Is your difficulty really only about the concept of a list of records instead of a single record you can simply maintain by keeping the record pointer at it? Is it really about not knowing why primary keys are of such immense importance even for maintaining data of a single table without any child tables pointing to it, to have a reliable way of getting back to the record you came from via SEEK than via GOTO to memorized record number? In fact, even if you avoid the primary key concept as long as you don't pack DBFs you can also go back via GOTO reno. It is even faster than SEEK, as finally SEEKS using an index find a leaf node that has a record number and then GOTO that record, GOTO and the constant length of records of DBFs are the core ingredients of how GOTO is a fast way to get to the record via FSEEK in a DBF via the simple offset formula of HEADER()+recno*RECSIZE(). That's what the Foxpro runtime is making use of if you GOTO recno.

Is it that you don't know how to have the record number or ID of records in the list box cursors? Is it not knowing the list box just displays field #1 but your cursor can have record number or id in field 2 and any other metadata you need in further fields? Is it really that you think of limitations like list box cursors only having one field, which is only existing in your imagination?

You don't show any code you already have. You are very vague about your goals and what it is you want to achieve. The last posts you made suggest that the open problem you still have is not about the visibility of records in one of two list boxes involved in a construct we usually call a mover control? Then what really is the problem?

Is it us being too blind about novice problems because to us the ways of Foxpro are too clear? I don't know how to help you. But at this stage, you're not getting forward with your questions because I think you lack the foundations to even ask questions we can make something of and I'd suggest you go to Hentzenwerke and find some beginner level books on Visual Foxpro. They're all older than 10 years, but so is VFP9.

Or step back not just one step. Your overall goal is to achieve some application, isn't it? You're starting off using your rusty knowledge of legacy Foxpro. You reached out to me for help, but I already told you I'm too busy with projects to work even hired, then why don't you step back of it even more, take your overall goal more serious and remove yourself from the programming of it, look out for a software developer of any programming language and not just FoxPro experts. Today software is written for the internet in ASP.NET (C#) or PHP or Python or Java or for the desktop still also in JAVA or C/C++/C#. VFP is a dead end and when the application is of importance to you and you do start from scratch, almost, the porting of data to MSSQL or MySQL is the least problem and you find much more developers in more modern worlds of software development.

Bye, Olaf.

Olaf Doschke Software Engineering
 
Hi all,
Meanwhile I solved my problem to change the source table using a view. In retrospect, the solution was much simpler as I thought it would be at the beginning.

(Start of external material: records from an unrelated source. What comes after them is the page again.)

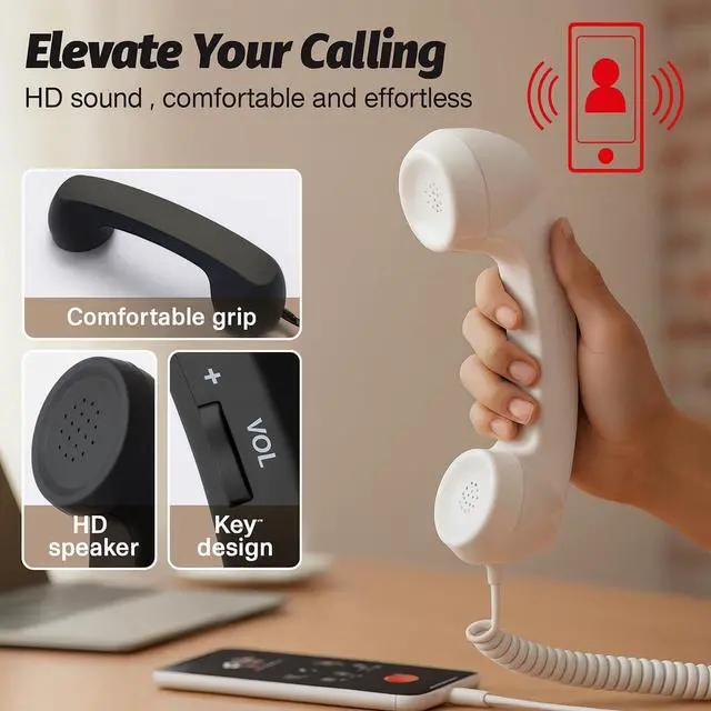 • Clear Calls & Easy Volume Control Retro Phone Handset USB C With High-Fidelity Speaker And Built-In Microphone Delivers Crisp, Smooth, And Noise-Reduced Calls. Convenient Side Volume Slider Lets You Adjust The Audio Level Instantly For Work, Meetings, Or Daily Chats
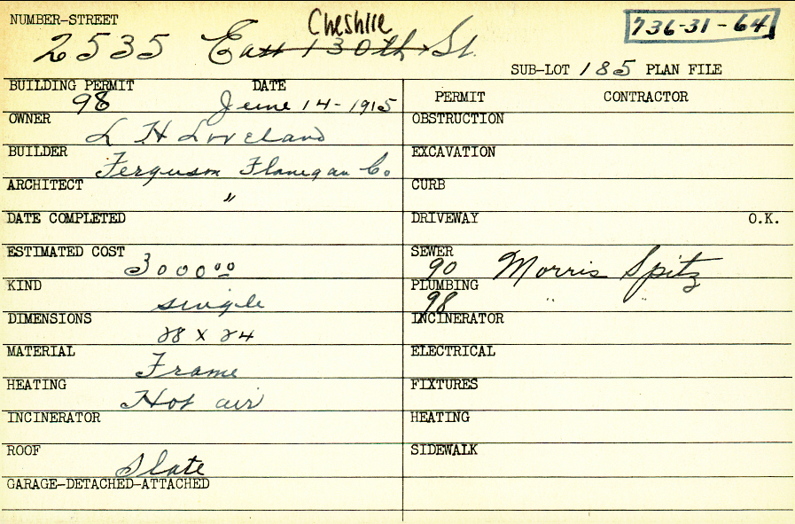 2535 Cheshire Road Shaker Heights, OH 44120 PARCEL ID: 736-31-064 Building Permit Date: 06-14-1915 Owner: Loveland, L. H. Builder: Ferguson Flanigan Company Architect: Ferguson Flanigan Company Estimated Cost: 3000 Kind: Single, Single Residence or Dwelling Material: Frame Heating: Hot Air Roof: Slate Blueprints: no blueprints on microfilm |
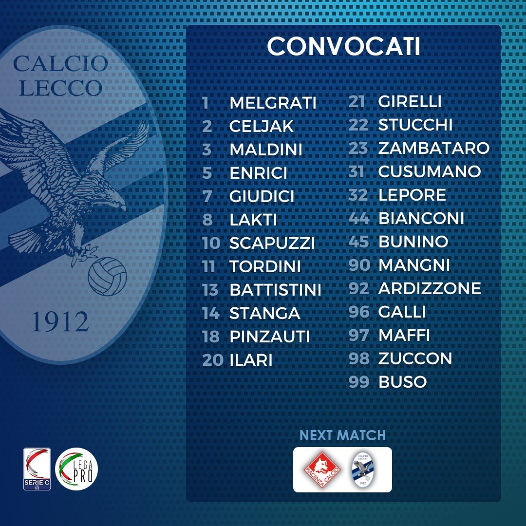 Verso Piacenza-Lecco, i convocati di mister Luciano Foschi

After filling the LB2 with all items from LB1 which should be hided and then run the routine cmdHide from the form. This routine grabbed the items in LB2 moved the primary keys into an array, looped through this array, located the primary key in the source table and changed the hide field to true. The final requery command corrected the view.

However, I need to make much more changes to the underlying table than just changing the hide fields. So that’s why I don’t want to make those changes on the source table itself. My idea is to create a new table with the same content of a view to work with. I think it can be done with the gather and scatter commands but will first check the forum for any clues.

Klaus

Olaf,
In your last post you are getting very personal there. It is very interesting to know what you think about me. Thank you for all the many recommendations and advices. But now let me give you also a good advice, simply ignore my questions here in the forum. Then you will not waste time answering stupid questions from my side. And listen, let the community here in the forum decide if they answer questions from less qualified VFP users. If there are no reactions then it is time to go.
Bye
 
Klaus,

it was and is just meant as good advice. Your solution proves you don't get the points I was making. If you really want the changes to happen in the LB1 view, then make them there, going through the source table and having a hide-flag there, which needs to be set so a requery finally removes those records from the LB1 view, well. you can DELETE there.

Your usage of the backend table for temporary data related to one user's session renders this unusable for multiple users. The actions/selection of one user will reflect as ghostly actions to a secondary user. And even if you say this is for a single user application, such flags have nothing to do in the persisted data.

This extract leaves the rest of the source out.